Perfumer Antoine Maisondieu (the nose behind Hinoki and fragrances from the Etat Libre d'Orange portfolio) was recruited a second time to give life to Laurel - a scent that is inspired by the fertile Bekaa Valley in Lebanon.
Laurel opens with a blast of vivacious, aromatic green which is extremely sappy/resinous in nature. I liken the smell to the odour that is transferred to your fingertips when you crush the needle-like leaves of cypress pine in your hands. It is a sharp, sweet odour shared by many conifers, that also embodies the scent of the softwood at its heart. Earlier this year I blogged about Aleppo Oil sourced from Pinus halepensis - a pine species found across the Mediterranean, Asia Minor, Lybia and Syria, which has a very specific smell (one that is quite lemony in nature, and less "glacé" than many other resinous pines). To my nose, Laurel seems to embody this sensation of Aleppo, and those familiar with Aleppo soap products from Damascus will easily be cognizant of it here. It is also safe to say that laurel plays a starring role in this fragrance, and it does indeed - the distinct aroma of dried bay leaves is unmistakable here, and adds to the exotic eastern feel of the perfume. It has been cleverly married however, to other accords that pay hommage to this special part of the world. The Al Shouf Cedar Reserve covers about 5% of the overall area of Lebanon so it is only fitting that Laurel includes a cedar component. Fortunately though, it seems well removed from "stock standard" cedar that has pervaded perfume releases in the past few years.

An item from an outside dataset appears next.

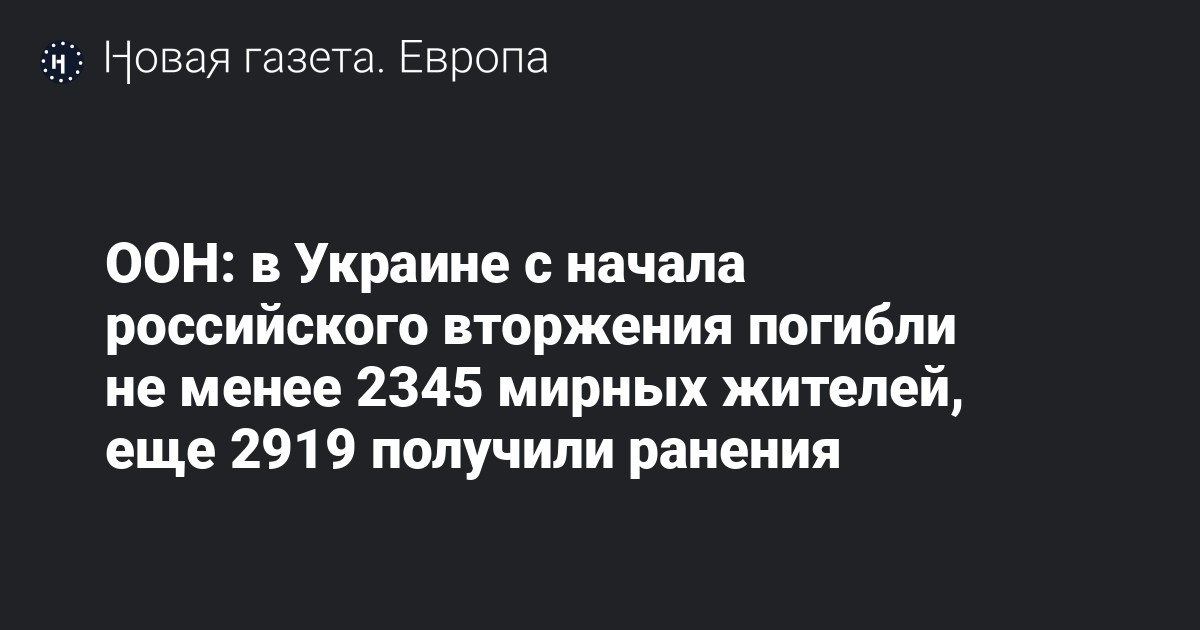 В Украине с начала российского вторжения погибли как минимум 2345 мирных жителей, еще 2919 получили ранения. Об этом сообщает Управление Верховного комиссара ООН по правам человека.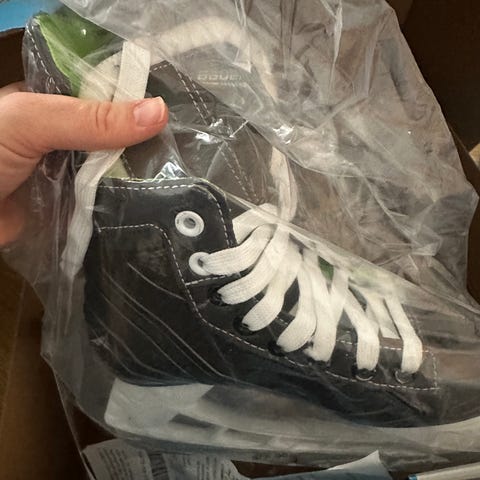Bauer X-LS JR - lasten jääkiekkoluistimet. Koko 33,5 (vastaa koko 1, pituus 21 cm). Väri pääosin musta, valkoisella teräkiskolla ja vihreillä yksityiskohdilla. Soveltuvat jääkiekkoharjoitteluun ja yleiseen luisteluun lapsille. Perinteinen nauhakiinnitys ja tukeva varsi jalan tukemiseen jäällä. - KÄYTTÄMÄTÖN ja alkuperäisessä pakkauksessa.

In contrast to this evergreen characteristic, and perhaps what I find most interesting about Laurel is how it prickles at the back of the nose with what I can only describe as a "white pepper" vibe which almost triggers a sneeze. I take delight in this physiological response, which I also experience when sniffing other scents like L'eau Bleue d'Issey and Eau de Sisley 3. This stimulating vein of pepper tingles over earthy patchouli, a wonderful resinous frankincense and warm amber accords to create a perfume that aligns my nose and draws my mind's eye once again to the colourful Near East.
Laurel is a tenacious and spirited eau de toilette that has a rather linear composition (as one has come to expect from Comme des Garcons) and lasts well over nine hours on my skin.
If the union between Comme des Garcons and Monacle continues to flourish, then I already anticipate a third release, every bit as spectacular as this one.